• Supplied material

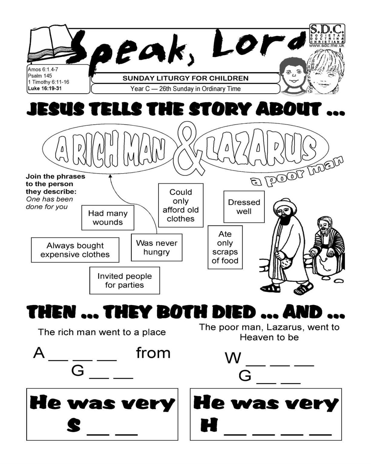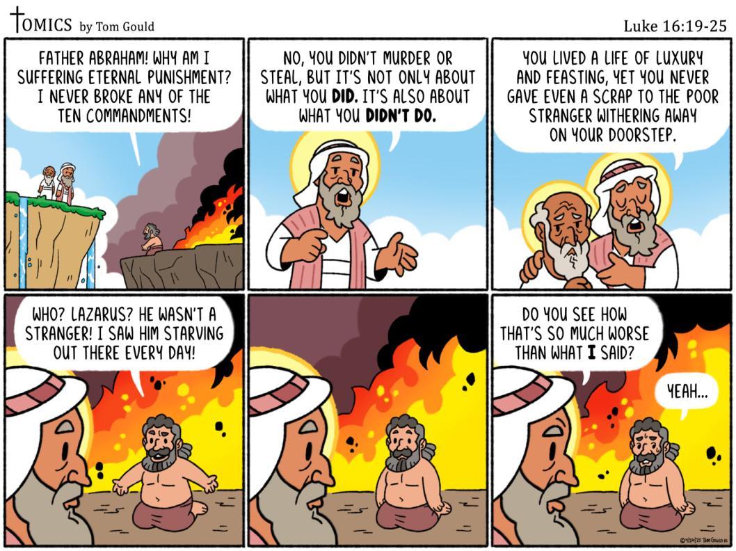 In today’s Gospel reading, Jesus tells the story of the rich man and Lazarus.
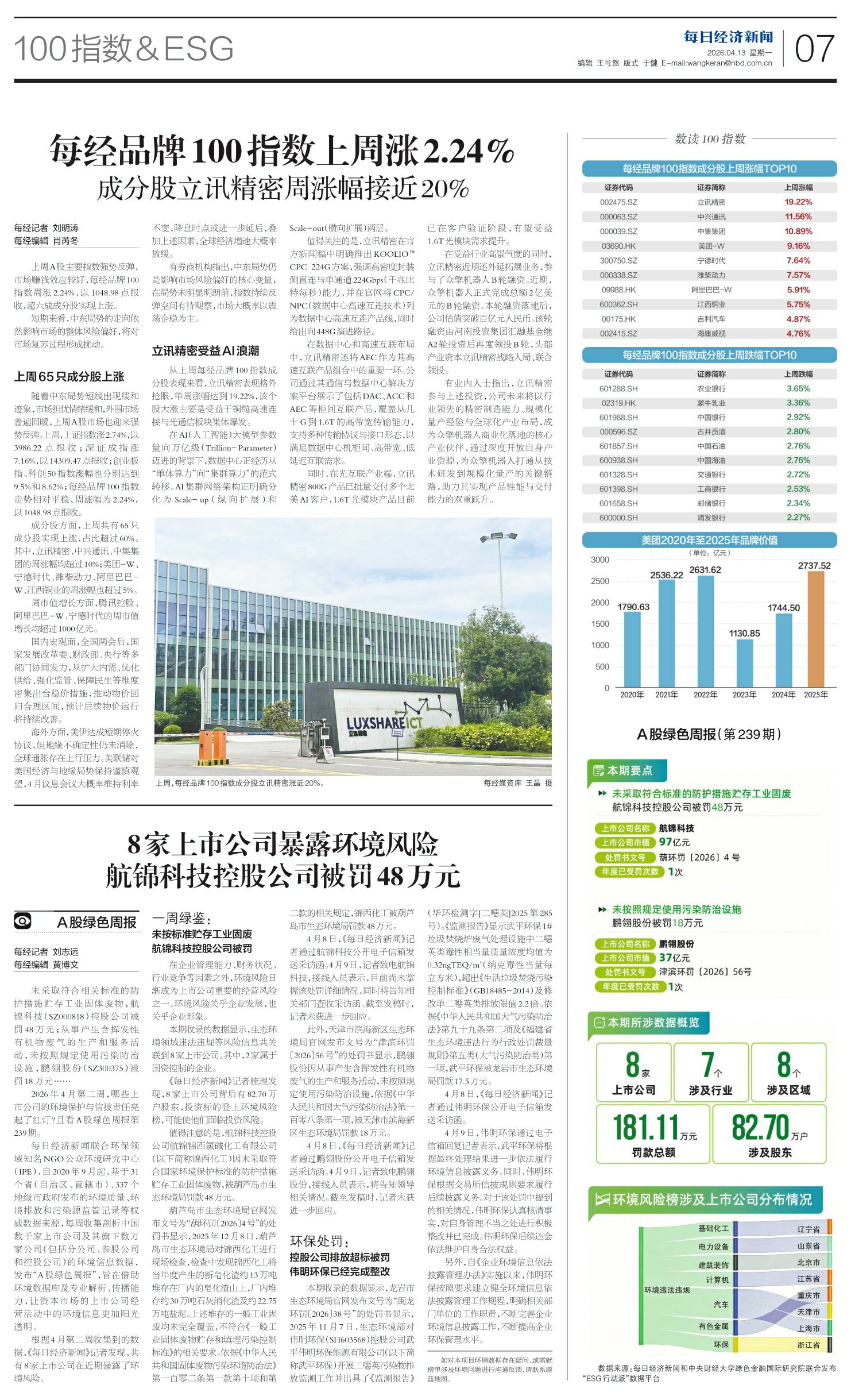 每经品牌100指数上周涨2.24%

---

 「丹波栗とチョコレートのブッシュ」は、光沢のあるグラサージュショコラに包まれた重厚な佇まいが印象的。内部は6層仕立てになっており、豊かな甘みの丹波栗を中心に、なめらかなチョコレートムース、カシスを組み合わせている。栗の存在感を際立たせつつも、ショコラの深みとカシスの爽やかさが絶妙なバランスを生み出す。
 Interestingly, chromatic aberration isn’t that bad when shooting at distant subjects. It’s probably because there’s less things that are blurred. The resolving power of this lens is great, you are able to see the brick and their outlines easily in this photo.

---

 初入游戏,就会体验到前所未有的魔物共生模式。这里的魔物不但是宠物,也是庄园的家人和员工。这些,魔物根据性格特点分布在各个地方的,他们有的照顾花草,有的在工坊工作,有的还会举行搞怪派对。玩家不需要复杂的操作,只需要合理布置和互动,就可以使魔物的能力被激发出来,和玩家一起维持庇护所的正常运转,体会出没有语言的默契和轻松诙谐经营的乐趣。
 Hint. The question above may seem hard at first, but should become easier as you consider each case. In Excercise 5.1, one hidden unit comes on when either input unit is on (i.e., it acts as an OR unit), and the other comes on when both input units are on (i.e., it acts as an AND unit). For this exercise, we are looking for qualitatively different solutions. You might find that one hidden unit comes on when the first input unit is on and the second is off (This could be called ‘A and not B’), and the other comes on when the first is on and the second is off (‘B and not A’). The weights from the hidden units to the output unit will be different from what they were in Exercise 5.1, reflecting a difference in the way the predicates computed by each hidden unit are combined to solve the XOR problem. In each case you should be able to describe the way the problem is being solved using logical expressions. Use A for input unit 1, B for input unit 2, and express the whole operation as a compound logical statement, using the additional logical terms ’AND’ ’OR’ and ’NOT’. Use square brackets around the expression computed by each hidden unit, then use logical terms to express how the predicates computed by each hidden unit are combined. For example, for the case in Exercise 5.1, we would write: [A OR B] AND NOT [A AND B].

• Your task
Copy every line of the material above in which the word "when" appears.

• Completed task
 Interestingly, chromatic aberration isn’t that bad when shooting at distant subjects. It’s probably because there’s less things that are blurred. The resolving power of this lens is great, you are able to see the brick and their outlines easily in this photo.
 Hint. The question above may seem hard at first, but should become easier as you consider each case. In Excercise 5.1, one hidden unit comes on when either input unit is on (i.e., it acts as an OR unit), and the other comes on when both input units are on (i.e., it acts as an AND unit). For this exercise, we are looking for qualitatively different solutions. You might find that one hidden unit comes on when the first input unit is on and the second is off (This could be called ‘A and not B’), and the other comes on when the first is on and the second is off (‘B and not A’). The weights from the hidden units to the output unit will be different from what they were in Exercise 5.1, reflecting a difference in the way the predicates computed by each hidden unit are combined to solve the XOR problem. In each case you should be able to describe the way the problem is being solved using logical expressions. Use A for input unit 1, B for input unit 2, and express the whole operation as a compound logical statement, using the additional logical terms ’AND’ ’OR’ and ’NOT’. Use square brackets around the expression computed by each hidden unit, then use logical terms to express how the predicates computed by each hidden unit are combined. For example, for the case in Exercise 5.1, we would write: [A OR B] AND NOT [A AND B].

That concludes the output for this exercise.